I looked, and it was so. After contemplating the circle for some moments, I ventured to say, “A perfect count, certainly. A perfect division of the circle, undoubtedly. But what good is it?”

He stared at me, aghast. “What good is it?”

“Our outmoded Western circle is at least easily divisible into fourths. How could a man using this one ever mark off a right angle?”

His serenity somewhat ruffled, he said, “Marco Polo, honored guest, do you not realize what genius is represented here? What patient observation and refined calculation? And how sublimely superior to the slapdash mathematics of the West?”

“Oh, I freely concede that. I merely remark on the impracticality of it. Why, this would drive a land-surveyor mad. It would make hash of all our maps. And a builder could never erect a house with true corners or square rooms.”

His serenity totally flown, he snapped in exasperation, “You Westerners are concerned only with amassing knowledge. You have no concern at all for acquiring wisdom. I speak to you of pure mathematics and you speak to me of carpenters!”

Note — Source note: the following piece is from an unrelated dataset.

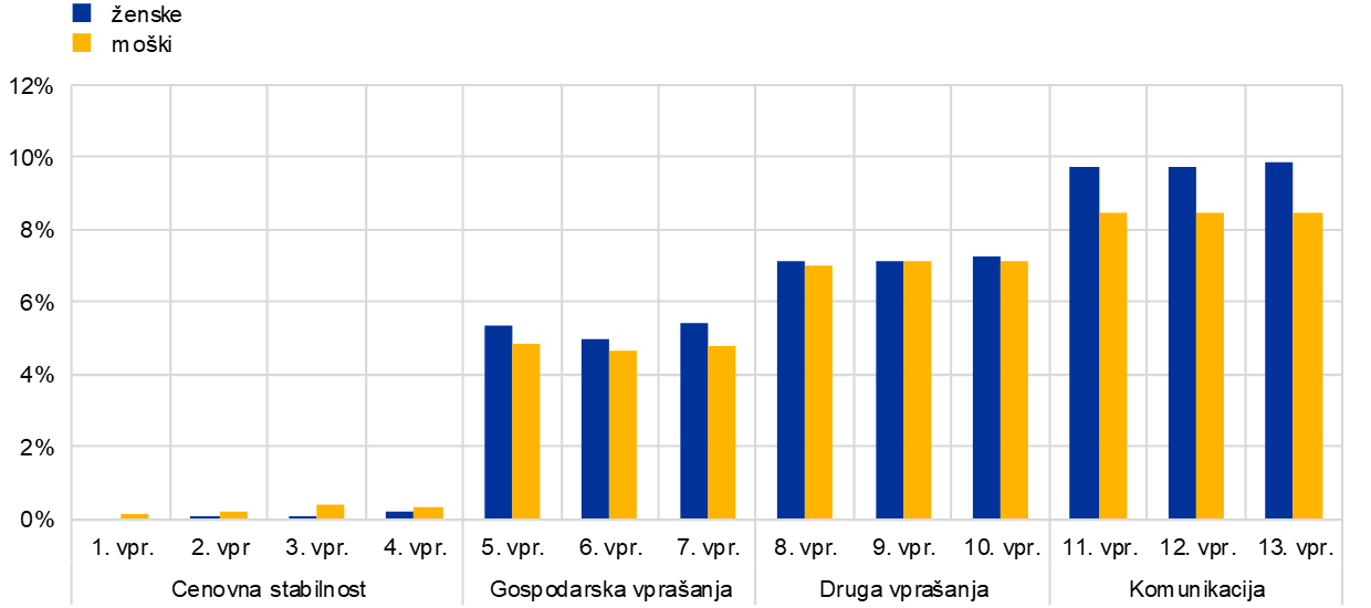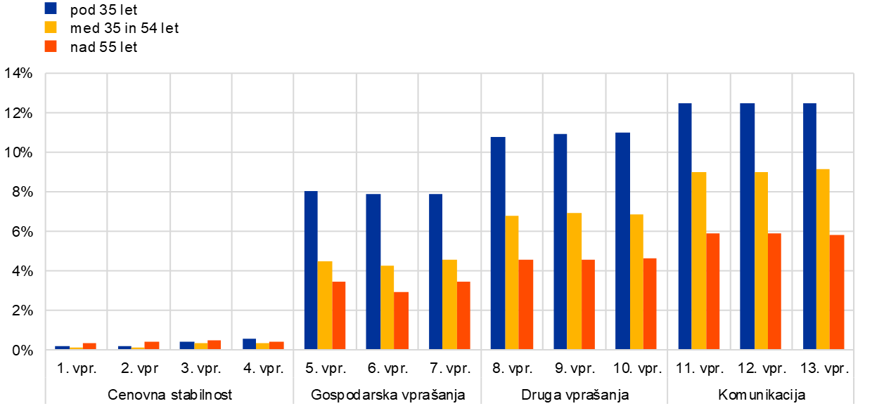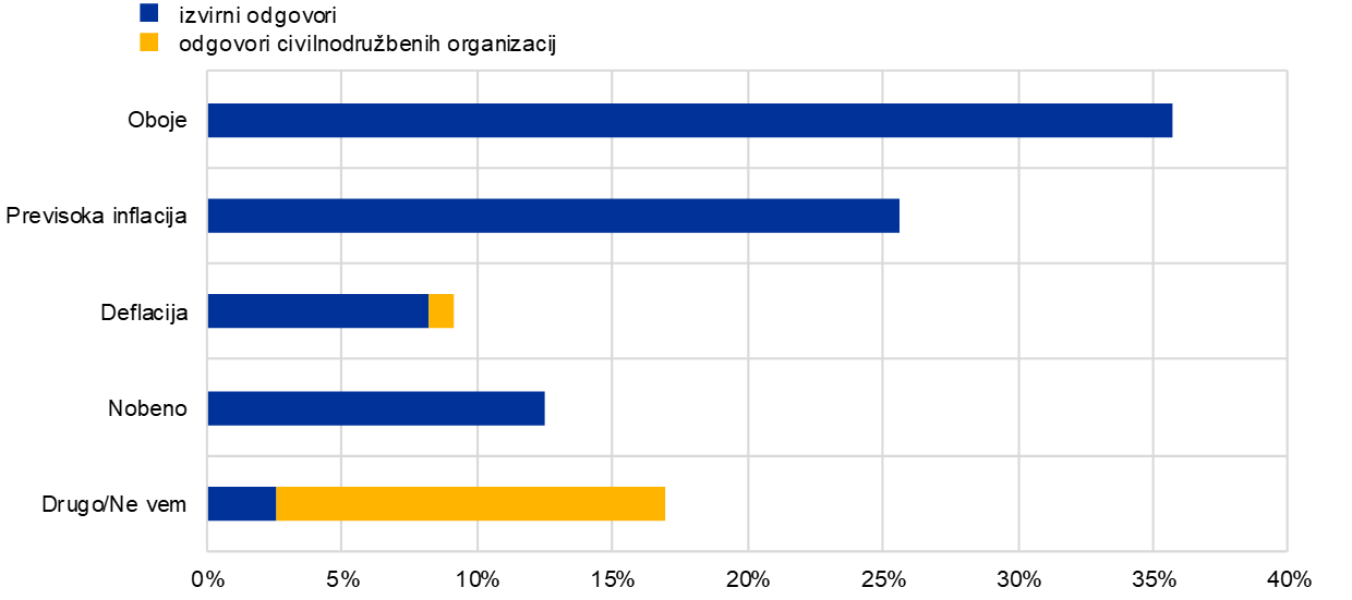 - Na vprašanje o čezmerni inflaciji in/ali deflaciji je največji delež anketirancev odgovoril, da jih skrbi oboje in da je pomembna stabilnost cen. Drugi največji delež anketirancev je navedel, da jih skrbi samo inflacija.

Humbly I said, “I am ignorant of philosophies, Master Lin-ngan, but I have known a few carpenters. This circle of Kithai, they would laugh at.”

“Laugh?!” he cried, in a strangled voice.

For someone usually so wise and remote and dispassionate, he worked himself into quite a decent fury. Being not entirely unwise myself, I made my adieux and respectfully backed out of his chambers. Well, it was just one more of my encounters with Han ingenuity that made me dubious of their renown for ingenuity.

But in a somewhat similar interview, at the palace Observatory of the Astronomers, I managed better to hold my own, with self-assurance and aplomb. The Observatory was an unroofed upper terrace of the palace, cluttered with immense and complex instruments: armillary spheres and sundials and astrolabes and alidades, all beautifully made of marble and brass. The Court Astronomer, Jamal-ud-Din, was a Persian, by reason of the fact that all those instruments, he told me, had been invented and designed ages ago in his native land, so he knew best how to operate them. He was chief of half a dozen Under Astronomers, and they were all Han, because, said Master Jamal, the Han had been keeping scrupulous records of astronomical observations longer than any other people. Jamal-ud-Din and I conversed in Farsi, and he interpreted the comments made by his colleagues.

I began by admitting frankly, “My lords, the only education I ever had in astronomy was the Bible’s account of how the Prophet Joshua, in order to prolong a battle for an extra day, made the sun to stand still in its course across the sky.”

Jamal gave me a look, but repeated my words to the six elderly Han gentlemen. They seemed to get extremely excited, or confounded, and chattered among themselves, and then put a question to me, saying politely:

“Stopped the sun, did he, this Joshua? Most interesting. When did this occur?”

“Oh, a long, long time ago,” I said. “When the Israelites strove against the Amorrhites. Several books before Christ was born and the calendar began.”